[[ DATASET CONTENT open ]]

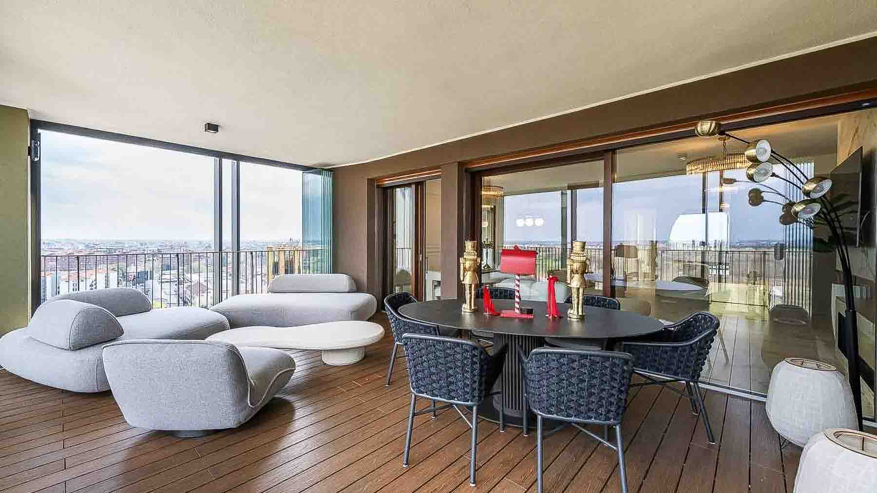Al sedicesimo piano delle prestigiose Park Towers, nel cuore pulsante di Milano, si apre una residenza di rara bellezza. Qui, la luce naturale inonda ogni angolo, riflettendo sui pavimenti in marmo lucido e creando un'atmosfera di calore e luminosità. Le ampie vetrate si affacciano su un terrazzo panoramico, da cui è possibile ammirare il cielo che si fonde con la skyline milanese, mentre un leggero profumo di eleganza pervade l'aria. Questa esclusiva residenza di 200 mq accoglie con spazi ampi e luminosi, caratterizzati da un design eco-sostenibile e moderno. Cinque stanze, tra cui una sontuosa master suite con accesso diretto al terrazzo e una vasca idromassaggio, promettono comfort e privacy ineguagliabili. Tre bagni eleganti completano la proprietà, mentre il salone triplo di rappresentanza, con le sue ampie vetrate, si apre su un terrazzo arredato per momenti di relax e convivialità. La cucina, un capolavoro di design su misura, coniuga funzionalità ed estetica contemporanea, offrendo uno spazio perfetto per creare piatti memorabili. Vivere in questa dimora significa immergersi in un lifestyle esclusivo e raffinato. Immagina le serate trascorse sul terrazzo, con la skyline di Milano a fare da sfondo alle cene sotto le stelle, o il piacere di un allenamento nella palestra attrezzata del complesso. Ogni giorno è un'opportunità per godere di servizi di altissimo livello, come la conciergerie e gli spazi dedicati all'home-working. Questa proprietà rappresenta un'opportunità irripetibile per chi cerca l'equilibrio perfetto tra design, sostenibilità e comfort. Un gioiello nel panorama immobiliare di lusso milanese, dove ogni dettaglio è stato pensato per offrire un'esperienza abitativa senza compromessi.
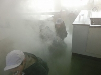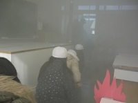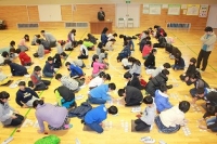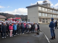 本日、第3回避難訓練を実施しました。今回は家庭科室から出火したという想定で行いました。子どもたちは「お・か・し・も」の合言葉を守って3分以内に避難することができました。須賀川消防署長沼分署の方々が来校し、火災や火災防止についてお話していただきました。また、水消火器を使った消火訓練や煙体験も行いました。煙を吸わないように低い姿勢で歩いて避難する練習をしました。ご家庭でも、ぜひストーブなどの安全な使い方や火事になった時の避難の仕方などを話題に挙げていただければ幸いです。
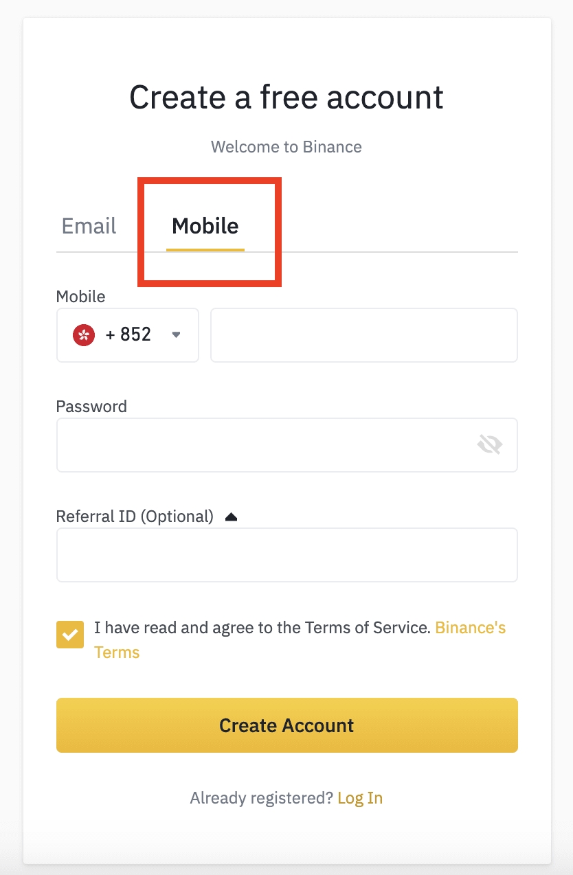 How to Register on Binance with Mobile Number

[[ DATASET CONTENT closed ]]

YOUR INSTRUCTIONS: All that belongs in the answer is the exact run of lines from the line containing "本日、第3回避難訓練を実施し" to the end of the listing above, pictures removed.

RESULT BELOW:
 本日、第3回避難訓練を実施しました。今回は家庭科室から出火したという想定で行いました。子どもたちは「お・か・し・も」の合言葉を守って3分以内に避難することができました。須賀川消防署長沼分署の方々が来校し、火災や火災防止についてお話していただきました。また、水消火器を使った消火訓練や煙体験も行いました。煙を吸わないように低い姿勢で歩いて避難する練習をしました。ご家庭でも、ぜひストーブなどの安全な使い方や火事になった時の避難の仕方などを話題に挙げていただければ幸いです。
 How to Register on Binance with Mobile Number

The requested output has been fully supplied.